PROBLEM TO SOLVE: Print the listing below only from the line that has "Работы по обновлению" through the line that has "Ismerd meg a", exactly, and drop any picture.

MATERIAL PROVIDED:
┏━━
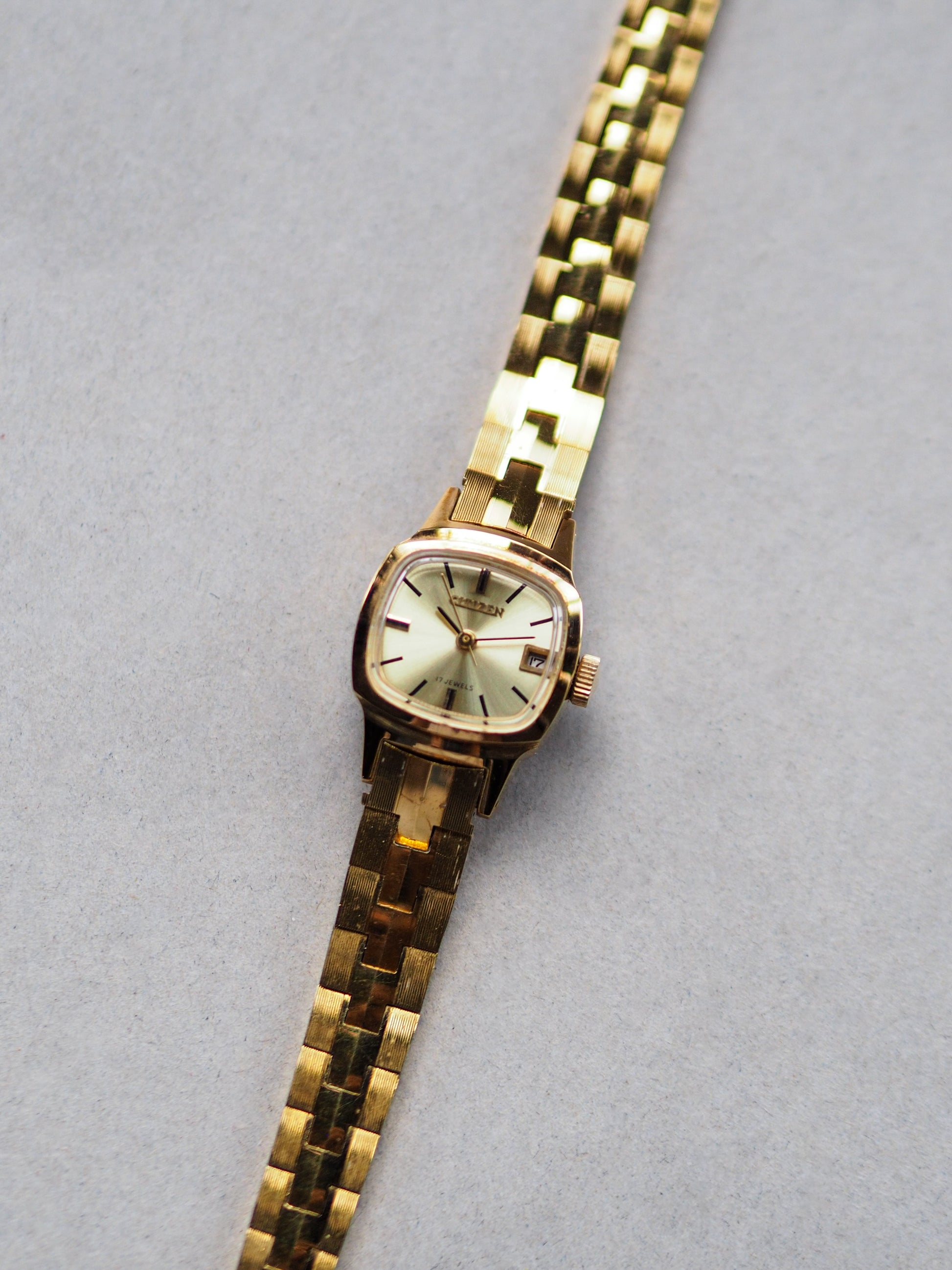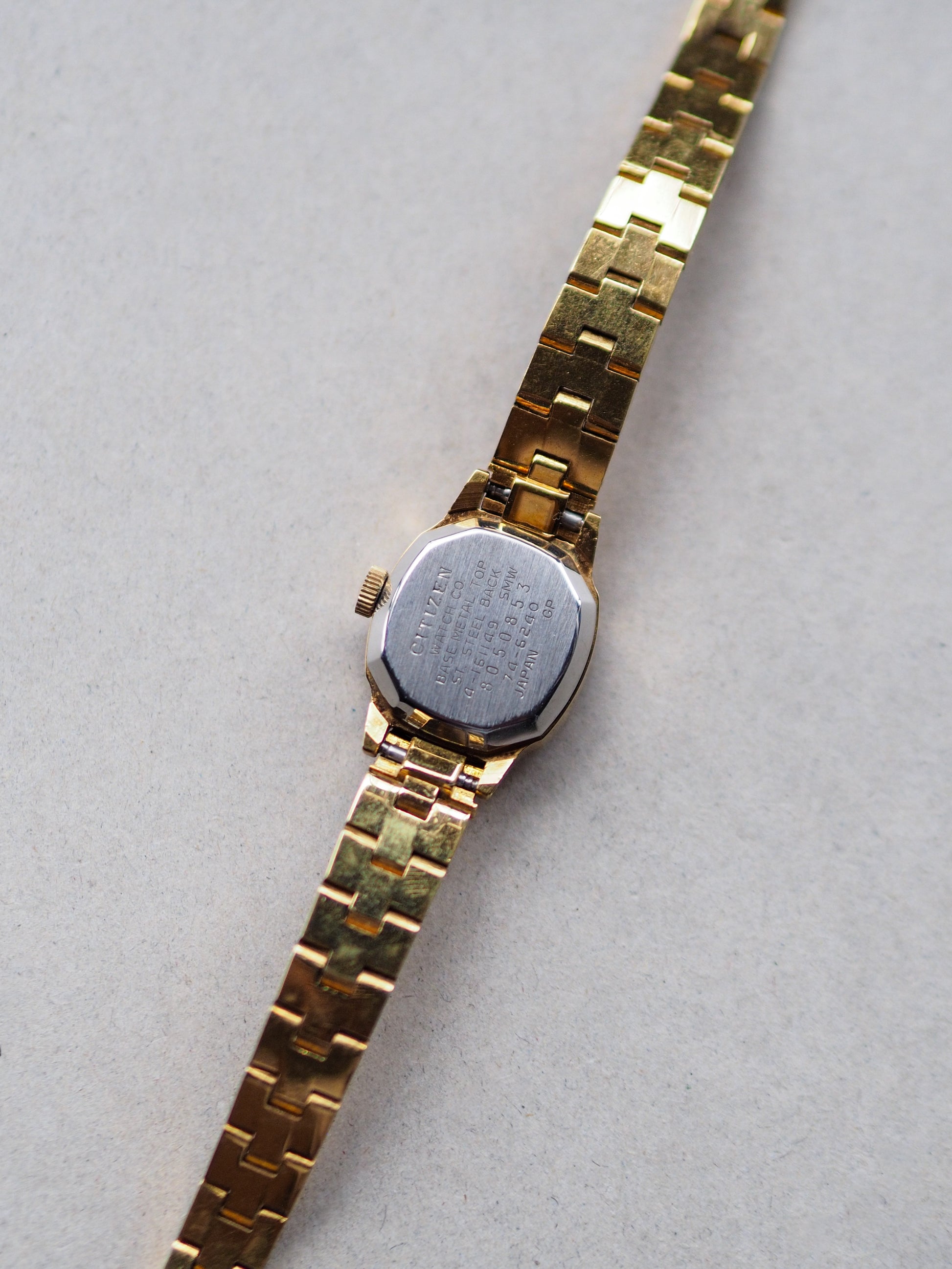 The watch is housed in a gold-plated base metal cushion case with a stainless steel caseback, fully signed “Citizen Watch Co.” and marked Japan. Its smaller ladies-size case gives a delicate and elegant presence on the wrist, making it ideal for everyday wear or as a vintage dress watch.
┗━━
┏━━
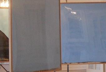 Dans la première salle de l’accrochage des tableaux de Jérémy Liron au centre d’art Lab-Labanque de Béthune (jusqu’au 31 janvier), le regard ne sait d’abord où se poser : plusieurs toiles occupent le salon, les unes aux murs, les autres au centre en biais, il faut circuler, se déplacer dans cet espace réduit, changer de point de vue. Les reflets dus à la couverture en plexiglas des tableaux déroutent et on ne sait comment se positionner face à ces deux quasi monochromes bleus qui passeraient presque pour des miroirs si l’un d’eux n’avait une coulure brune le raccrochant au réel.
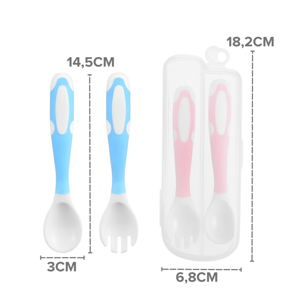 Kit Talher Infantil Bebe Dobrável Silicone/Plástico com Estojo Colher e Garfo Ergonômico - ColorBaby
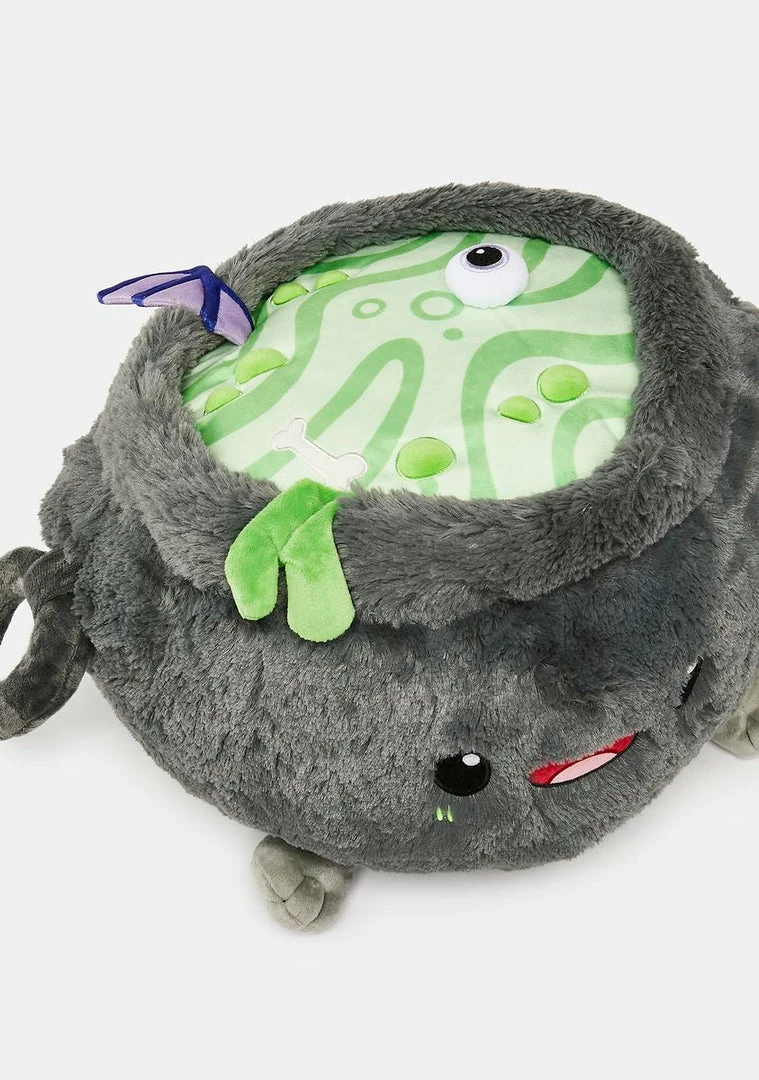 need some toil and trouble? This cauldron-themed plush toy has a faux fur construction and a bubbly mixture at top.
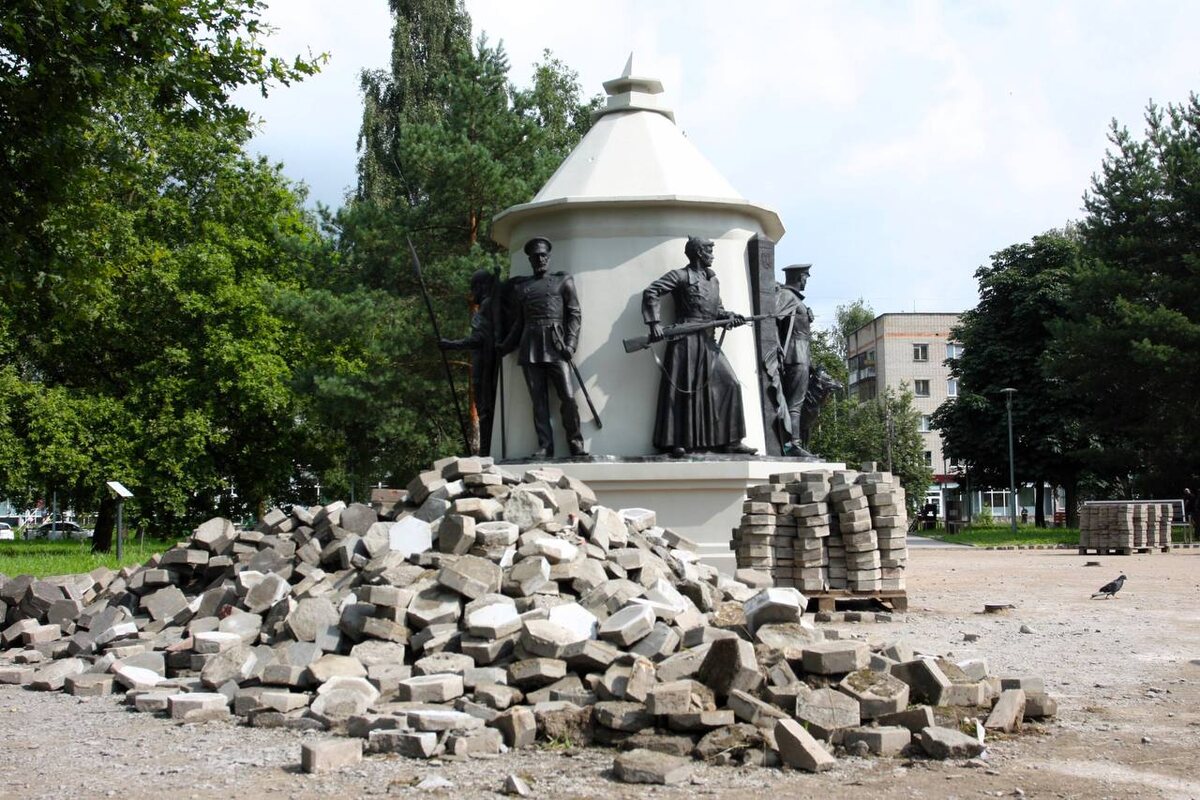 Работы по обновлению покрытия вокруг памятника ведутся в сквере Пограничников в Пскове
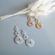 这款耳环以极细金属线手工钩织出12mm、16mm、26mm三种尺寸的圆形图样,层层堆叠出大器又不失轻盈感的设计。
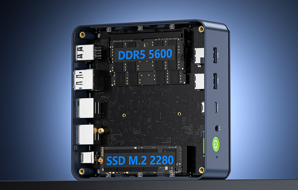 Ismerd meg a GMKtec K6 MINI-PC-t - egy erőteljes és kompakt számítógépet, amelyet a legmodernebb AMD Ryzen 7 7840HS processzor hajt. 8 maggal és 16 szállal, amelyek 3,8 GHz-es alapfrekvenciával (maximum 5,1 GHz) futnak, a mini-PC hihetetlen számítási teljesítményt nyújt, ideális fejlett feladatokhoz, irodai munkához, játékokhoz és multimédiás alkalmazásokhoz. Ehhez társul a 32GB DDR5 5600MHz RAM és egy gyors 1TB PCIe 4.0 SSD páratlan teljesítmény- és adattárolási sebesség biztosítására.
┗━━
┏━━
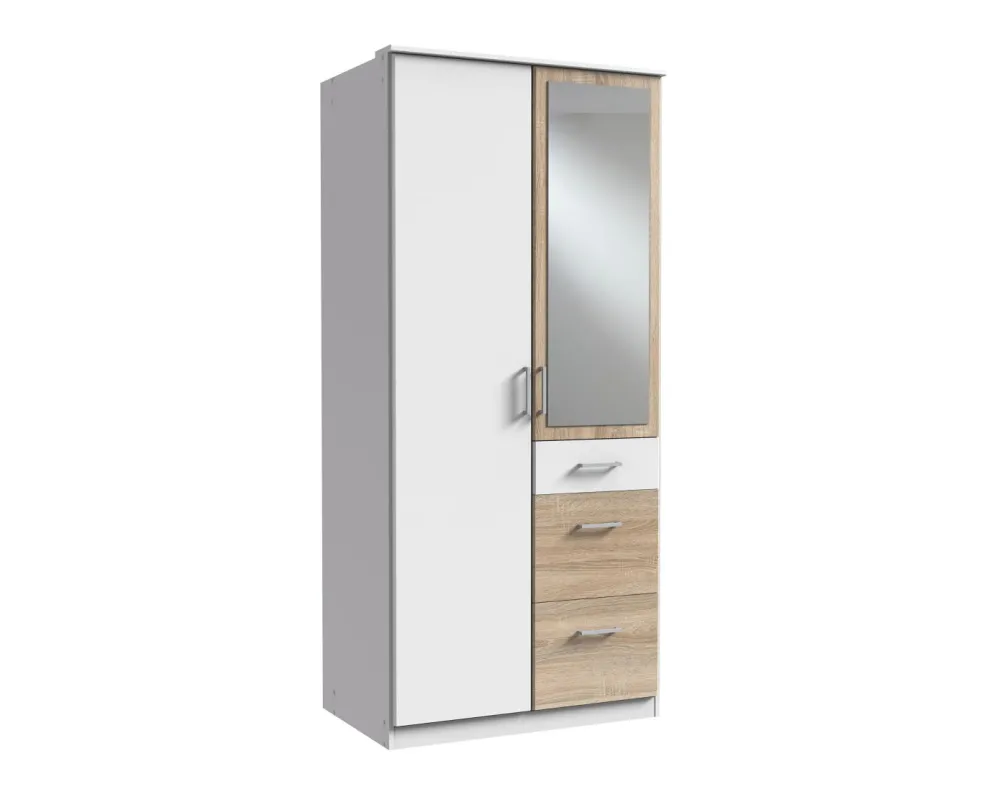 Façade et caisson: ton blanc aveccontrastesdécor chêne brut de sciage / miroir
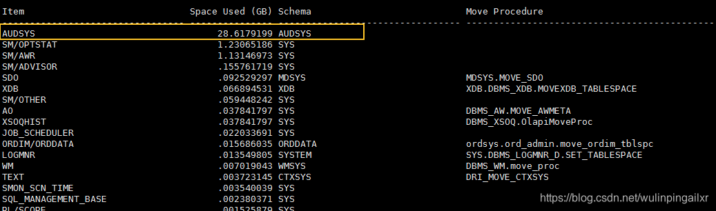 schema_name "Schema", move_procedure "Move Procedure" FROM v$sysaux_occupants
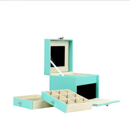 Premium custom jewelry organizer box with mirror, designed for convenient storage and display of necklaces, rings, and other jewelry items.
┗━━
YOUR RESPONSE:
 Работы по обновлению покрытия вокруг памятника ведутся в сквере Пограничников в Пскове
 这款耳环以极细金属线手工钩织出12mm、16mm、26mm三种尺寸的圆形图样,层层堆叠出大器又不失轻盈感的设计。
 Ismerd meg a GMKtec K6 MINI-PC-t - egy erőteljes és kompakt számítógépet, amelyet a legmodernebb AMD Ryzen 7 7840HS processzor hajt. 8 maggal és 16 szállal, amelyek 3,8 GHz-es alapfrekvenciával (maximum 5,1 GHz) futnak, a mini-PC hihetetlen számítási teljesítményt nyújt, ideális fejlett feladatokhoz, irodai munkához, játékokhoz és multimédiás alkalmazásokhoz. Ehhez társul a 32GB DDR5 5600MHz RAM és egy gyors 1TB PCIe 4.0 SSD páratlan teljesítmény- és adattárolási sebesség biztosítására.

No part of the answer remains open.